Gear Guide: Motorcycle Helmets

Helmets are the first piece of motorcycle gear most riders buy, and for good reason. Helmets reduce the risk of death by 37%, and the risk of head injury by a whopping 69%, similar to how much seat belts reduce the odds of death or injury in a car crash. Unlike seat belts though, motorcycle helmets come in many varieties and need to be fitted specifically to you to work properly, and their usable life is much shorter. Here’s what you need to know.


Bottom Line:

  1. Get a full-face helmet, or a modular if you must
  2. Proper fit is a must for proper function. Buy a helmet that’s just a smidge tight all around, with no pressure points.
  3. Check that the helmet is at least ECE 22.05, Snell, or FIM certified, in addition to DOT approved.
  4. Ensure the helmet is newer than 5 years by checking the label under the lining
  5. Buy new helmets only, never used. Even if you buy from a friend you trust, the helmet could easily be damaged during shipping.

1) Choose a Style

Like most other motorcycle gear, helmets come in a variety of styles with varying safety and aesthetics. Full-face helmets are the safest, but they don’t work if you leave them at home because your 15-year-old half helmet is comfier. Buy the helmet that best suits your riding style.

blonde woman with tattoo wearing a dark grey helmet riding a motorcycle

Full face helmets with a non-moveable chin bar provide the best protection from anything the road can throw at you, whether that’s crashing, bugs, wind noise, or road debris. They are available in different styles for racing, urban, off road, and dual sport riders.

policeman in a blue shirt and white helmet standing next to his white motorcycle

Modular helmets with a flip-up chin bar are the next safest.
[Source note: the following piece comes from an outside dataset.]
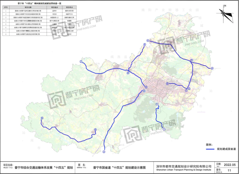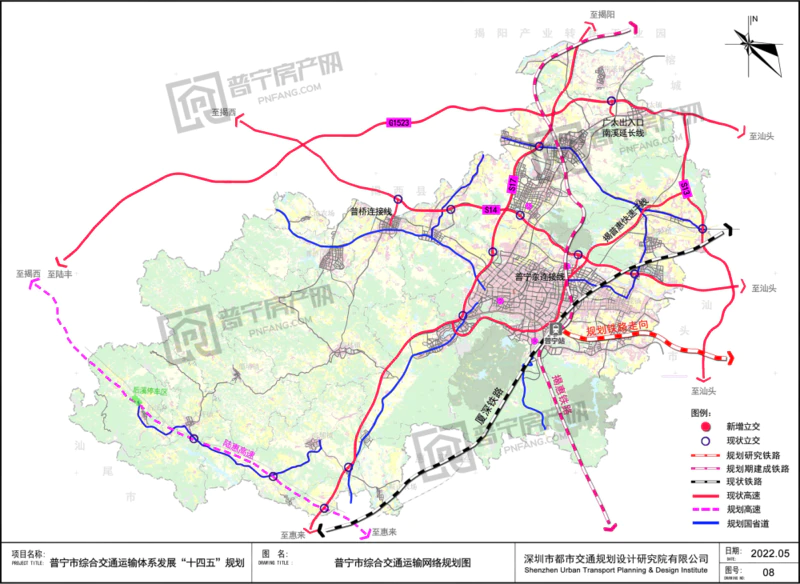 近日,普宁市人民政府发布了关于印发普宁市综合交通运输体系发展“十四五”规划的通知,据统计,“十四五”期间,我市重大交通基础设施建设项目计划投资1856945万元,包括铁路、高速公路、国省干线公路、县乡村道、客货运枢纽及物流园区等工程项目。具体内容如下:

With the chin bar locked down they look and feel like full-face helmets, but you can flip up the chin bar up to talk, eat and drink, or just have more ventilation. In the event of a crash though the chin bar is weaker than a full face helmet and could snap off, leaving your chin exposed to the asphalt.

girl on a yellow scooter in a field wearing a white jacket and white open face helmet trailing pink balloons

Open face or 3/4 helmets come next, and must be worn with a visor or separate goggles to keep bugs and debris out of your eyes. They leave most of your face, particularly the nose and chin, exposed in the event of a crash. The chin is the region with the highest number of impacts in accident reports, so these are not recommended.
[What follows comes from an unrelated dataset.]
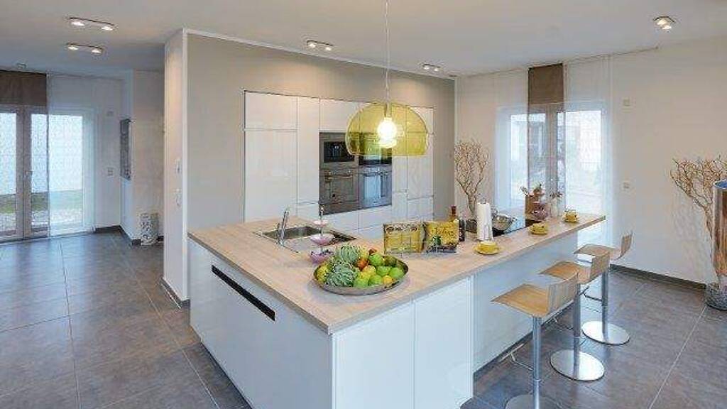 An Platz mangelt es in diesem Bungalow ganz sicher nicht! Denn auf 176,91 m² lässt es sich im Eigenheim mit dem Plus an Komfort wohnen. So begeistert bei diesem Bungalow vor allem der moderne, offene Wohn-Ess-Bereich und die großzügige Küche, die dank zwei Fensterflächen mit jeder Menge Tageslicht versorgt wird. Ebenso bietet der Bungalow mit den zwei quadratischen Kinderzimmern und einem Elternschlafzimmer ausreichend Rückzugsmöglichkeiten für jedes Familienmitglied - deinen individuellen Einrichtungsideen sind hier kaum Grenzen gesetzt. Und auch im Bad wird Komfort definitiv großgeschrieben! Ergänzt wird das Raumkonzept durch ein kleineres Gäste-WC mit Dusche sowie einen Hauswirtschaftsraum, in dem sich die Hausarbeit mit ausreichend Platz verrichten lässt.

two black-haired women in white tee shirts and a child on a white scooter in a city at night

The nicest thing you can say about half helmets, or “brain buckets” as they’re sometimes called, is that they’re better than nothing. These helmets look similar to a construction hard hat or bicycle helmet and protect the same area, the crown of the head. They may be appropriate for construction work or riding a bicycle, but certainly not for riding a motorcycle.

2) Check the Safety Rating

After the manufacturer produces them, helmets are certified and tested by local authorities before being offered for sale to the public. While the US only requires helmets to be DOT approved, most riders will want to choose a helmet with a higher certification such as FIM, Snell, ECE, or Sharp testing. Here’s how the ratings compare:

  • FIM Homologated: This is the highest safety rating a helmet can hold, certification from the Fédération Internationale de Motocyclisme or FIM, motorcycle racing’s global governing body. if you’ve seen MotoGP racers crash at 150 MPH and walk away unharmed, they have the FIM to thank. The standard is quite new and not all helmets and helmet sizes have been tested, but if you can find an FIM helmet you’ll know you have the best protection possible.
  • Snell Approved: Before the new FIM certification, Snell was the highest safety rating a motorcycle helmet could hold. Following the death of racecar driver Pete Snell in the 1950’s, the Snell Foundation was formed to test racing helmets for a variety of crash types, including pointed and blunt impacts to the face shield, chin bar, and other zones, the possibility of helmets being pulled off the wearer’s head, and the possibility of the wearer’s head turning inside the helmet. The Snell certification is race-oriented, so keep in mind that features appreciated by non-racers like drop-down sun visors will not pass, though the helmet may be “safe” otherwise.
  • SHARP Testing: SHARP stands for Safety Helmet Assessment and Rating Program, and is run by the British government. Helmets must be ECE approved in order to be eligible for SHARP testing, as only ECE-approved helmets are sold in the UK. SHARP methods are similar overall to Snell, but SHARP testing is more road-oriented while Snell is more race-oriented. SHARP testing also does not issue a pass/fail grade or a “SHARP certification”, but instead rates helmets on a scale of 1-5 stars.
  • ECE Approved: Any helmet sold in Europe must be approved by the ECE, the Economic Commission of Europe. The current standard is ECE 22.05, though 22.06 is likely to be released soon. ECE approval is seen as the minimum safety rating for many riders throughout the world, not just in Europe.
  • DOT Approved: Any helmet sold in the USA must be approved by the Department of Transportation, or DOT. While the testing itself is similar to Snell but with somewhat lower standards, the issue with DOT certifications is that many have not held up to these standards when retested by independent labs. This has led to a widespread mistrust of helmets that carry only a DOT approval.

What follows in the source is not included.